IGF2 supports glioblastoma growth and immune evasion through a combination of tumor cell-intrinsic and -extrinsic mechanisms.

ABSTRACT: BackgroundGIntratumoral and intertumoral heterogeneity combined with immunosuppressive tumor microenvironments (TME) contribute to the poor outcomes associated with glioblastoma (GBM). Well-characterized immunocompetent models that recapitulate human GBM features are urgently needed to identify targets in the TME and develop novel therapeutics. Here, we used multiomic approaches to characterize syngeneic mouse brain tumor stem cell lines in vitro and in orthotopically engrafted tumors. METHODS: Whole-genome sequencing, transcriptomics, ATAC-sequencing, and imaging mass cytometry were used to characterize syngeneic brain tumor stem cell lines derived from Trp53(+/-)/Nf1(+/-) C57Bl6 mice.

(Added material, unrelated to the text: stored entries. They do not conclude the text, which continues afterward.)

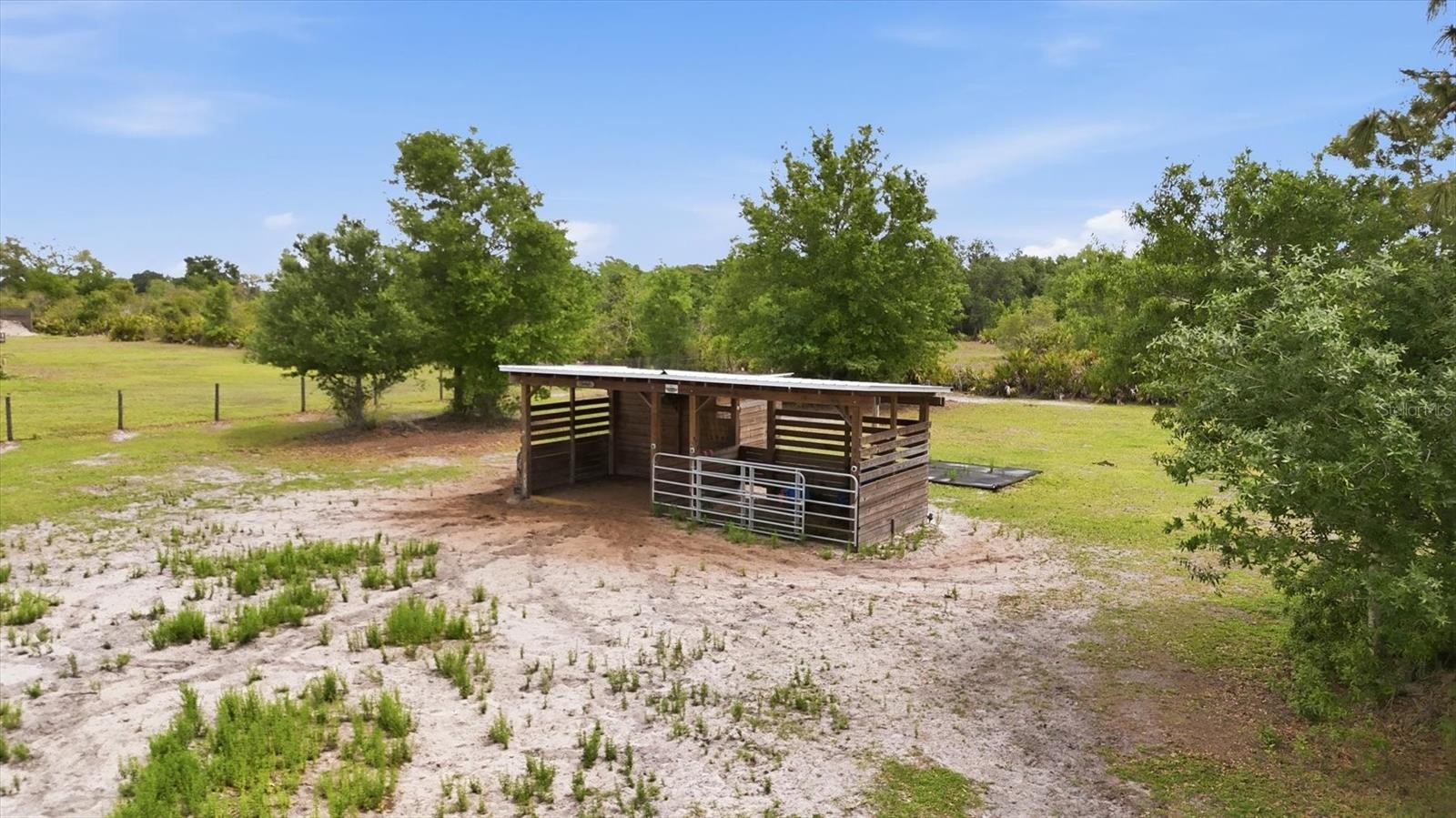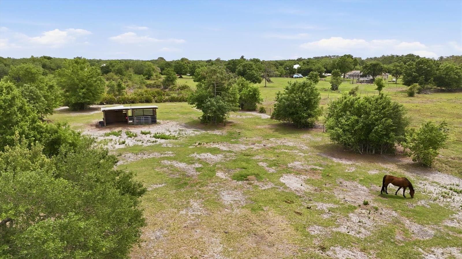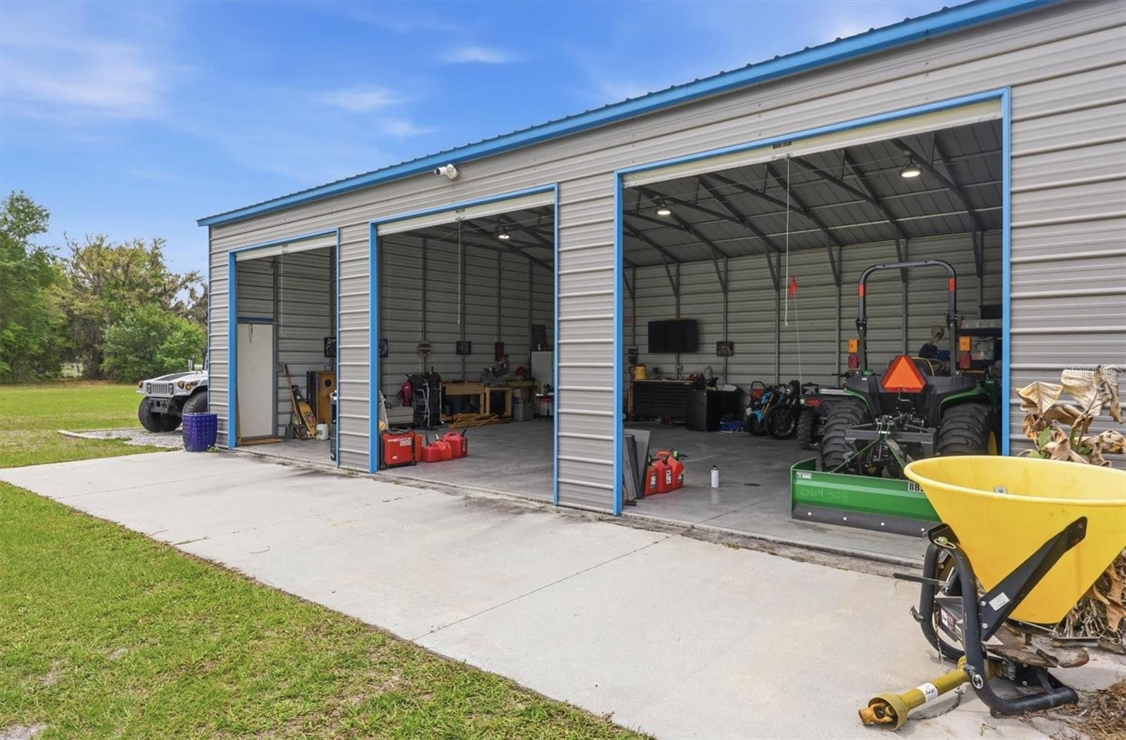Country living at its finest! Set on 5 private acres with a NEW ROOF (2025), NEW AC systems (2024 & 2025), a horse pasture, a 3-bay outbuilding, and NO HOA, this spacious 3-bedroom, 2.5-bath home opens the door to a lifestyle that feels bigger, more free, and far more exciting than the ordinary. Step inside to a foyer framed by a formal dining room and a separate den. The dining room is ready for holiday dinners, hosting friends, and everyday meals, while the den offers a flexible space that easily works as an office, playroom, guest room, or a dedicated spot for hobbies and projects. Just beyond, the main living room centers around a double-sided fireplace and sliding glass doors to the lanai, creating a space where the fireplace becomes the focal point for conversations or winding down at the end of the day. The kitchen sits at the heart, featuring newer cabinetry, ample countertops, stainless steel appliances, a pantry, and a wraparound breakfast bar that gives you plenty of room to enjoy a snack, do homework, or prep food. The casual dining nook sits beside bright windows, perfect for your morning coffee or a quick lunch. Beyond, the second living area becomes an easy place for watching sports, playing board games, or catching up at the end of the day. The bonus room adds a completely different kind of space, complete with a built-in bar and cabinetry that naturally sets it up for entertaining—add a pool table, poker table, lounge seating, or turn it into a theater room. The primary bedroom is positioned privately, creating a retreat with direct access to the lanai and the added warmth of the double-sided fireplace. Two closets—including a large walk-in—provide ample storage, while the COMPLETELY UPDATED en suite bathroom features dual vanities, a soaking tub, and a separate glass-enclosed shower, creating a space that feels elevated and well-appointed every day. Two additional bedrooms and a full bathroom are located on the opposite side of the home, forming their own wing with space for kids or guests. The laundry room is set up for convenience, with a utility sink, cabinetry, and counter space. The home also includes a 50-amp transfer switch for an exterior generator, NEW exterior paint, and NEW aerators on the well, adding to both function and long-term reliability. The oversized screened lanai stretches across the back of the home, giving you a true outdoor extension with space for dining tables, lounging, grilling, and a hot tub that turns time at home into something you truly look forward to. From there, the property opens up into 5 acres that invite you to use every part of it—spend time at your own private shooting range, ride 4-wheelers, have a firepit night with friends, cast a line from the dock at the pond, or design your own setup with a pool, slide, or outdoor kitchen. For horse enthusiasts, the groundwork is already in place with approximately one acre fenced pasture, 2 horse stalls and a tack shed, and well water to support it all. The 3-bay outbuilding adds serious capability with 150-amp service, a 30-amp RV hookup outside, and well water—ideal for equipment, storage, workshop space, or keeping everything from trailers to tools organized and ready to go. This is a RARE opportunity to own 5 sprawling acres with NO HOA restrictions—an exceptional property that gives you the space, privacy, and complete freedom to live without limits, to shape the land around your lifestyle, and to create something truly your own.
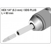 Adapter für SDS-plus-Bohrer mit HEX-Ende zur Möglichkeit der Verwendung von Bits. Die Länge des Adap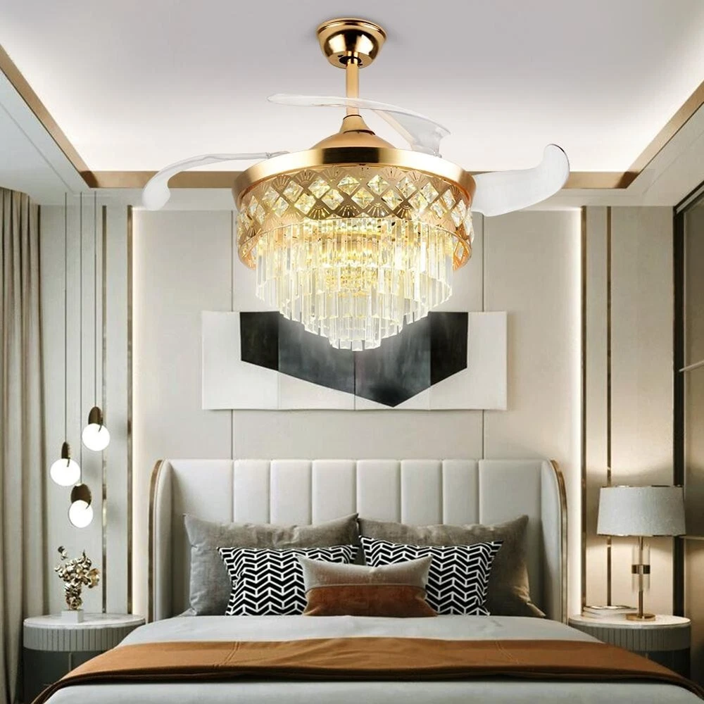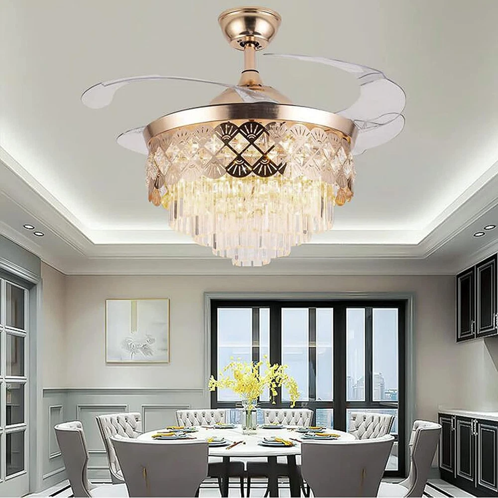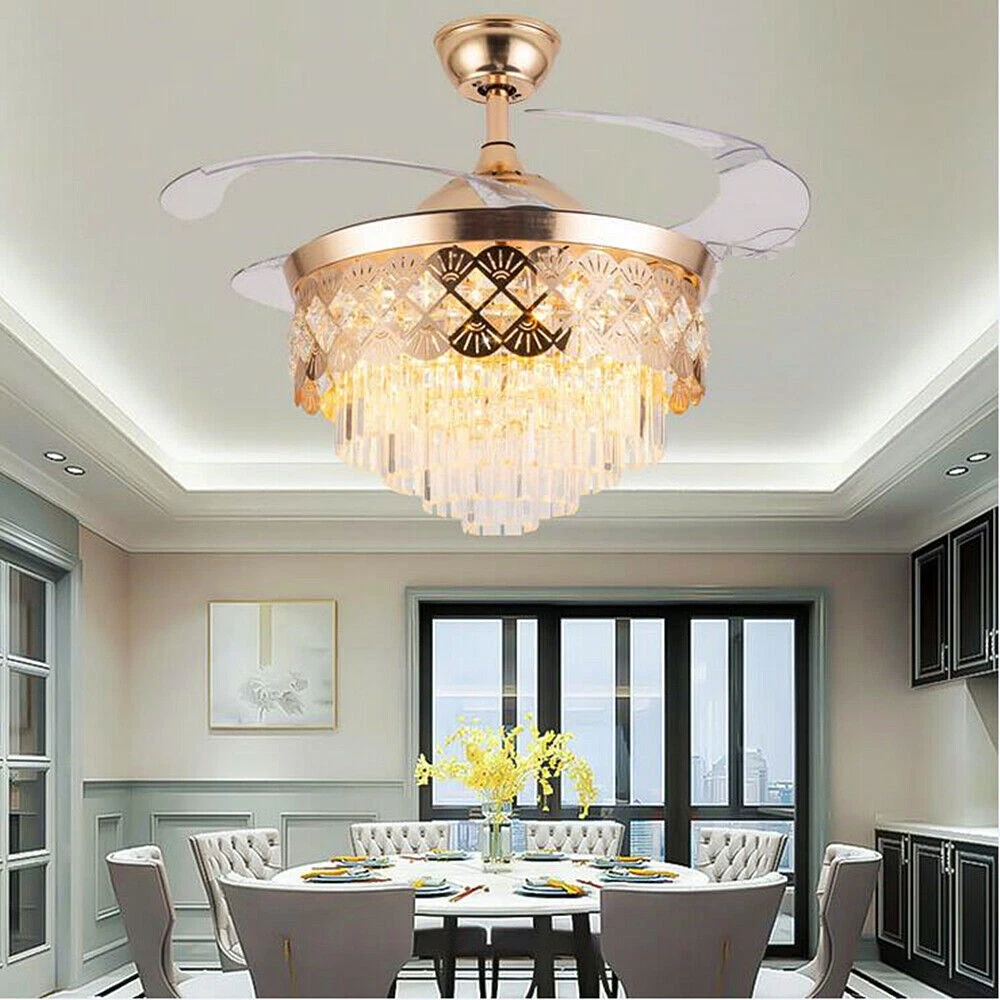 42" LED Ceiling Fan Light Crystal Retractable Invisible Chandelier Lamp w/Remote

Mouse and human bulk, single-cell, and spatial sequencing datasets were analyzed for validation. CRISPR/Cas9 and shRNA were used for gene knockdowns. Tumor growth was investigated using orthotopic engraftment in syngeneic C57Bl6 mice. RESULTS: One of the syngeneic lines, mBT0309, generated tumors with histopathological characteristics of GBM. mBT0309 displayed amplification and high expression of Igf2. Copy number gains at the IGF2 locus were observed in human GBM tumors and stem cell lines. Furthermore, we determined that high IGF2 RNA expression is associated with poor survival in GBM patients. Imaging mass cytometry on mBT0309 tumors showed early infiltration of monocyte-derived macrophages, vascularization, and cell states characteristic of human GBM. Genetic targeting of Igf2 decreased in vitro cell growth, improved survival of engrafted mice, and decreased the percentage of Arginase-1+ macrophages in mBT0309 tumors. CONCLUSIONS: mBT0309 is a valuable syngeneic model for studying immunosuppression and therapeutic resistance in GBM. IGF2 offers promise as a valuable therapeutic target to combat tumor growth and immunosuppression in GBM patients.